Disc 3, titled Test Tube Rarities, is a collection of early demos, radio sessions and non-album singles, including their earliest recording, a deadpan runthrough of “Elvis Is Dead” from 1978. The Johnny Clarke Demos are the only tracks included in this box from Journey To The Centre Of Johnny Clarke’s Head – originally a throwaway fan-club-only cassette release comprised of rough demos and bits of general pissing around. The demo tracks and early sessions are as sloppy and poorly recorded as you’d expect from a young punk band at that stage of development, but possessed of rare fire and enthusiasm. Things improved markedly for the Oi! compilation appearances and single tracks though – many of the tracks are studio cuts of the Pissed And Proud material, and “Run Like Hell”, “Zombie Creeping Flesh” and “The Jinx” (here presented in both 7” and 12” mixes, and for my money much better than the album version – probably my favourite Test Tube Babies track of all) are up there with their best ever material. On the whole though, this disc is mostly for the completist.

The fourth disc brings us the somewhat odd Rotting In The Fart Sack EP and further singles tracks, opening with the bizarre country spoof “Ten Deadly Sins” and “Rotting In The Fart Sack” itself, a peculiar five-minute-plus ballad about apathy. “Spirit Of Keith Moon” and the bouncy “Alcohol” are more like the usual TTB fodder, but then there’s “Boozanza” (another quasi-country effort).

Disc 5 and we have The Loud Blaring Punk Rock LP (1985), and you can’t fault them for the accuracy of that at least.
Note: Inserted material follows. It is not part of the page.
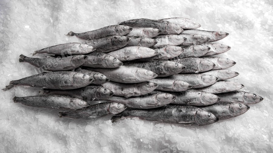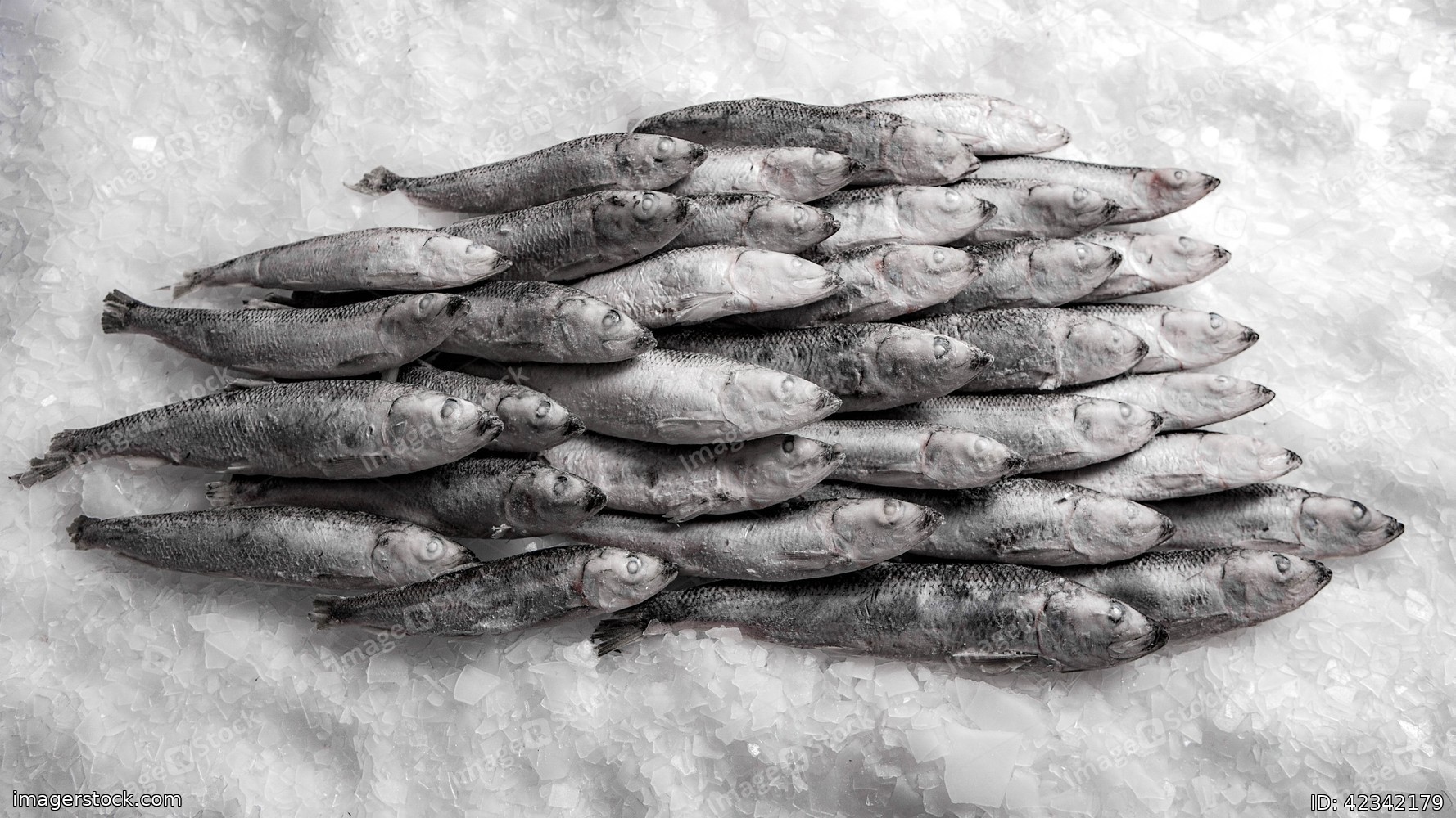 Close-up of fresh sprat on the ice in fish market. Winter fishing. Small silver fish production.

Something of a retrograde step, this is yet another collection of early songs, along with a batch of material from Peter and Del’s side band Walnut & The Wankers, recorded after ...South American Frogs but completely lacking in that album’s power or relative finesse. Featuring titles like “Pick Your Nose And Eat It”, “Vicars Wank Too”, “TQGGBJs” (that’s “The Queen Gives Good Blow Jobs”, for the record) and “Porno Queen”, it’s pretty rudimentary, and trying a bit too hard to offend, but it’s fun in a crass and gormless sort of way.

Soberphobia (1986) takes up the final disc and is a bit jarring after two solid discs’ worth of two-chord foolishness. It’s a huge step up in quality; the musicianship is massively improved, the lyrics are cleverer, the palette of sounds is much wider. Del’s guitar has taken on a semi-Gothic, jangly timbre (he was also playing with Goth-glam pioneers Flesh For Lulu by this time). “All About Love” is a brilliant deconstruction of the power-ballad genre; “Spirit Of Keith Moon” makes a reappearance in a more polished form, as do “Boozanza”and the celebratory “Key To The City”; “Louise Wouldn’t Like It”, “Allergic To Life” and “Every Time I See Her” are good solid punk/rock tracks with unusually thoughtful words for such an unapologetically daft band, and “Ghost In My Bedsit” is disarmingly poignant.

Lyrically, it must be said, much of the early material has aged badly. They were the product of a much less socially and politically sensitive time, and they were never a band to shy away from a cheap laugh at anyone’s expense. Taboo-baiting and the desperate desire to shock at all costs are no longer punk rock’s preferred modus operandi and the likes of “Transvestite”, “Maniac” and “Child Molester” would be a much harder sell these days than they were in the ’80s. That aside, this collection is a nicely comprehensive package of the early days of one of punk’s perennial underdogs. A companion set of their later output (for the record that’s the Stock/Aitken/Waterman coverfest The $hit Factory, Cringe, the superb Supermodels, Schwein Lake Live, Alien Pubduction and A Foot Full Of Bullets) would be nice to see…


❉ ‘Peter and the Test Tube Babies: The Albums 1982-87’ is out now from Captain Oi!, a Cherry Red Records subsidiary. RRP £23.99.